» Extracted records
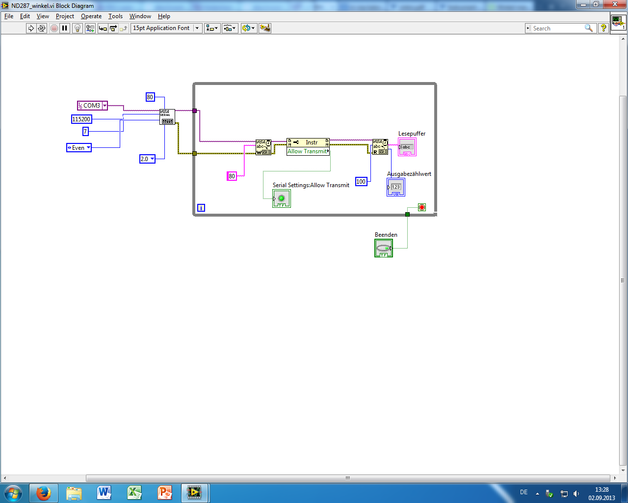 ich möchte ein VI erstellen, mit dem ich kontinuierlich die mit einem Heidenhain Drehgeber und Heidenhain ND287 Anzeigengerät gemessenen Winkelstellungen (in veränderlichen Zeitabständen) auslesen und abspeichern kann.
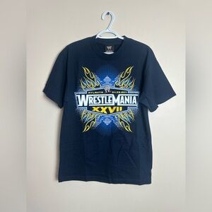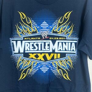 Official WWE WrestleMania XXVII graphic t-shirt in navy with yellow accents, size Men’s Medium. Made from 100% cotton, this comfortable wrestling fan tee is perfect for collectors, WWE fans, or casual streetwear.
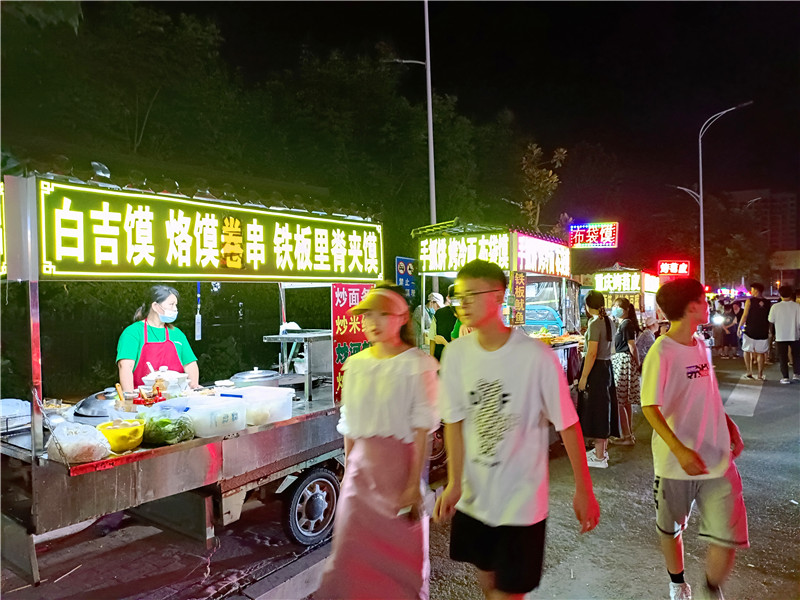 疫情散去,終歸風(fēng)平浪靜。城市夜晚被賦予更斑斕的色彩、更旺盛的生命力,夜消費、夜休閑、夜文化在鹿邑市民生活中不可或缺。為進一步促進“夜經(jīng)濟”健康發(fā)展,鹿邑縣商務(wù)局、市場監(jiān)管局、城市管理局等有關(guān)部門審慎包容、精準施策,堅持管理和服務(wù)并重,因地制宜,完善城市便民疏導(dǎo)點經(jīng)營秩序,建立臨街餐飲店、夜市小吃外擺準入機制。該縣城區(qū)原有8個便民疏導(dǎo)點,經(jīng)過實地調(diào)查論證,有關(guān)部門又將新近自然形成的3個商販聚集地設(shè)立為便民疏導(dǎo)點。同時,以個人申請、實地調(diào)查的方式對沿街門店外擺經(jīng)營進行放開。
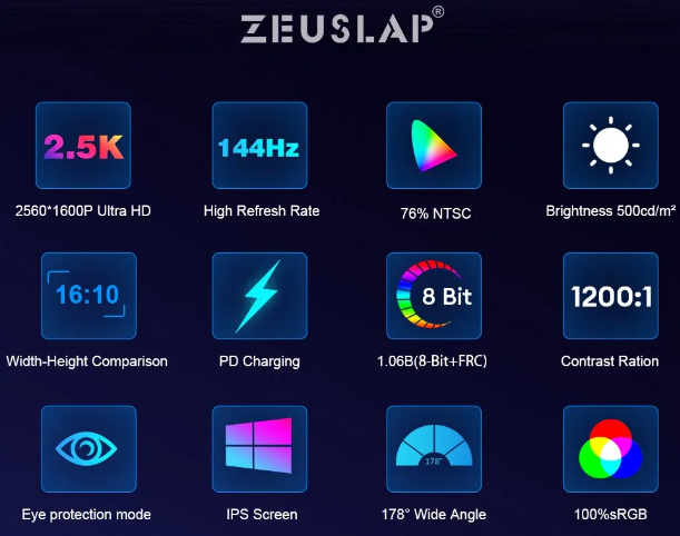 [2.5K QHD 16:10] ZEUSLAP-P16KT 16:10 노트북 디자인의 주요 패션 디스플레이 인 16:10 종횡비에서 16 인치 IPS 패널이있는 QHD 해상도 2560*1600 P를 갖추고 있습니다.
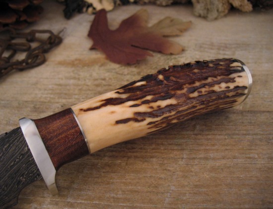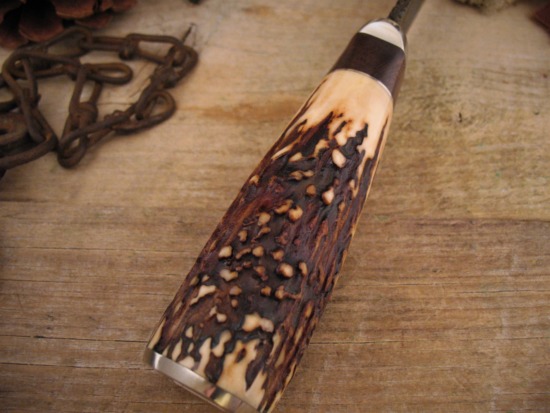The knife has a Nickel Silver Guard with a Subtle Top Thumb Rest. The Dark Stabilized Curly Maple Spacer in front is a nice contrast to the Gorgeous Sambar Stag handle. This is an amazing piece of Stag ~ since the Embargo more than a decade ago on the Export of Sambar Stag from India ~ Fat, Gnarly Stag like this is long gone from today’s market.
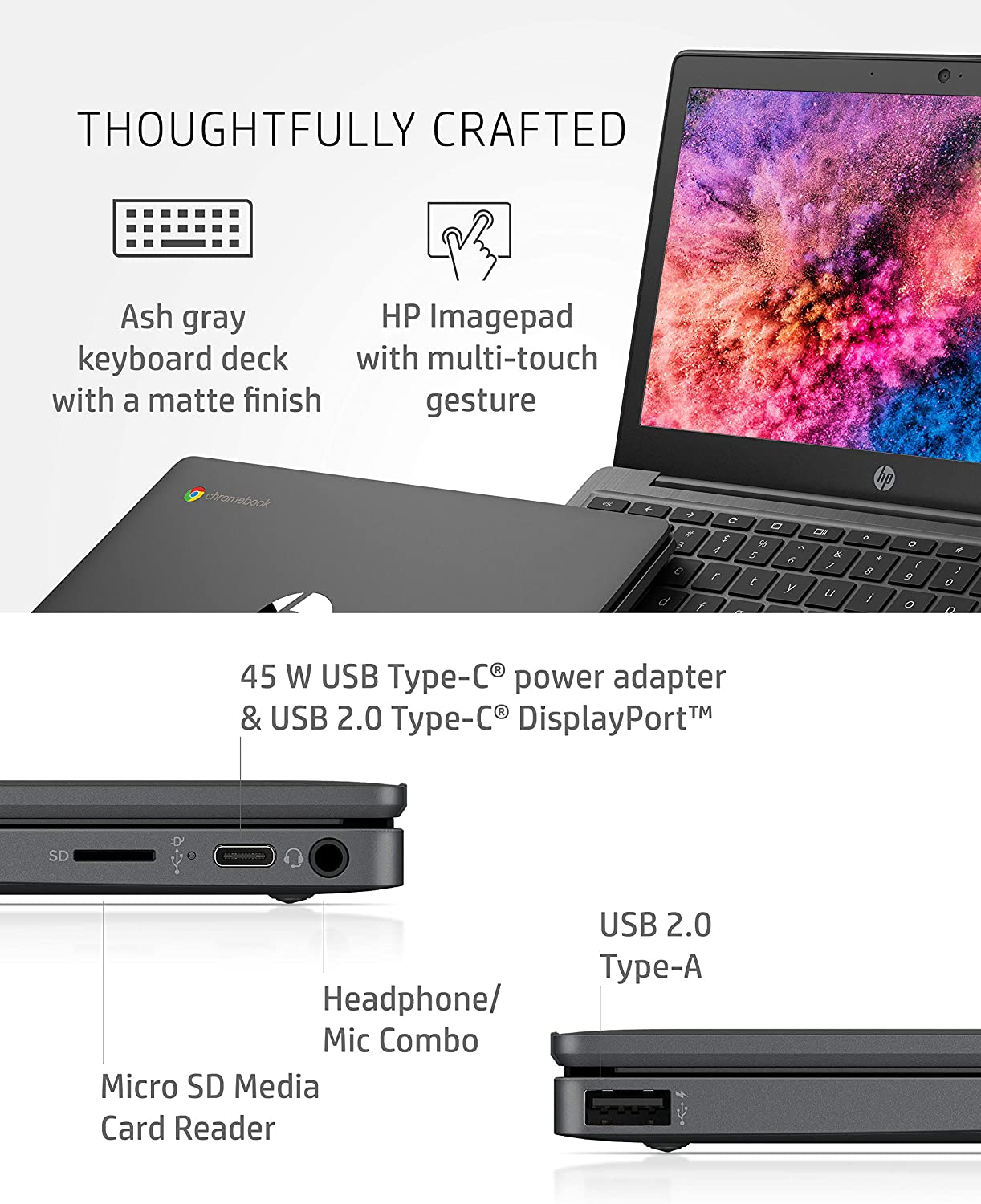 This Ash Gray HP Chromebook 11a Laptop is light and durable, so you can work or play on the go. It travels well and has a long battery life, letting you stay connected without having to search for an outlet. Switch between using this laptop for gaming, connecting with friends, and getting your schoolwork done with the powerful MediaTek mobile processor, full-size keyboard, and 11-inch display. Also, Google Chrome and Android apps are all seamlessly integrated on Google’s easy-to-use OS. And once you’ve gotten into your workflow, enjoy the anti-glare, 11-inch laptop screen with high-definition detail of 1 million pixels. This beautiful display is paired up with the MediaTek Integrated Graphics card, which has Octa-core CPU and GPU graphics processors and a multimedia engine, so you can watch movies, shows, or seminars without draining the battery. This portable, powerful HP laptop has all the efficiency and technology you need.

» Task objective
In transcribing the lines above, omit the images and keep all else exact.

» Answer space
 ich möchte ein VI erstellen, mit dem ich kontinuierlich die mit einem Heidenhain Drehgeber und Heidenhain ND287 Anzeigengerät gemessenen Winkelstellungen (in veränderlichen Zeitabständen) auslesen und abspeichern kann.
 Official WWE WrestleMania XXVII graphic t-shirt in navy with yellow accents, size Men’s Medium. Made from 100% cotton, this comfortable wrestling fan tee is perfect for collectors, WWE fans, or casual streetwear.
 疫情散去,終歸風(fēng)平浪靜。城市夜晚被賦予更斑斕的色彩、更旺盛的生命力,夜消費、夜休閑、夜文化在鹿邑市民生活中不可或缺。為進一步促進“夜經(jīng)濟”健康發(fā)展,鹿邑縣商務(wù)局、市場監(jiān)管局、城市管理局等有關(guān)部門審慎包容、精準施策,堅持管理和服務(wù)并重,因地制宜,完善城市便民疏導(dǎo)點經(jīng)營秩序,建立臨街餐飲店、夜市小吃外擺準入機制。該縣城區(qū)原有8個便民疏導(dǎo)點,經(jīng)過實地調(diào)查論證,有關(guān)部門又將新近自然形成的3個商販聚集地設(shè)立為便民疏導(dǎo)點。同時,以個人申請、實地調(diào)查的方式對沿街門店外擺經(jīng)營進行放開。
 [2.5K QHD 16:10] ZEUSLAP-P16KT 16:10 노트북 디자인의 주요 패션 디스플레이 인 16:10 종횡비에서 16 인치 IPS 패널이있는 QHD 해상도 2560*1600 P를 갖추고 있습니다.
The knife has a Nickel Silver Guard with a Subtle Top Thumb Rest. The Dark Stabilized Curly Maple Spacer in front is a nice contrast to the Gorgeous Sambar Stag handle. This is an amazing piece of Stag ~ since the Embargo more than a decade ago on the Export of Sambar Stag from India ~ Fat, Gnarly Stag like this is long gone from today’s market.
 This Ash Gray HP Chromebook 11a Laptop is light and durable, so you can work or play on the go. It travels well and has a long battery life, letting you stay connected without having to search for an outlet. Switch between using this laptop for gaming, connecting with friends, and getting your schoolwork done with the powerful MediaTek mobile processor, full-size keyboard, and 11-inch display. Also, Google Chrome and Android apps are all seamlessly integrated on Google’s easy-to-use OS. And once you’ve gotten into your workflow, enjoy the anti-glare, 11-inch laptop screen with high-definition detail of 1 million pixels. This beautiful display is paired up with the MediaTek Integrated Graphics card, which has Octa-core CPU and GPU graphics processors and a multimedia engine, so you can watch movies, shows, or seminars without draining the battery. This portable, powerful HP laptop has all the efficiency and technology you need.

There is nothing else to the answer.